__REQUIREMENT__: Of the material below, the lines to be retyped are those from the line containing "2)对源数据库创建快照,可以使用图形界面进行操作,选中要迁移的数据库实例,Actions 下来菜单中选择 Take" through the line containing "除了联动武器「幽夜华尔兹」外,还可以通过锻造系统获取另一把弓「戴月鸦啼」。", inclusive; reproduce them exactly.

__STUDY MATERIAL__:
--------------------------------------------------

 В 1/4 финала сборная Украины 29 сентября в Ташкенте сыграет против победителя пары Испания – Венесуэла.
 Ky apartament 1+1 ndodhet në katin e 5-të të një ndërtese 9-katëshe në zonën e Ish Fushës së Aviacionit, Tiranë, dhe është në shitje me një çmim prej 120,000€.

--------------------------------------------------

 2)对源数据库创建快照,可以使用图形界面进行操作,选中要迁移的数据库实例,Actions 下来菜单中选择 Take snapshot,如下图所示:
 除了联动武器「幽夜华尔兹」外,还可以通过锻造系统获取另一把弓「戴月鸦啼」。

--------------------------------------------------

__RESPONSE BELOW__:
 2)对源数据库创建快照,可以使用图形界面进行操作,选中要迁移的数据库实例,Actions 下来菜单中选择 Take snapshot,如下图所示:
 除了联动武器「幽夜华尔兹」外,还可以通过锻造系统获取另一把弓「戴月鸦啼」。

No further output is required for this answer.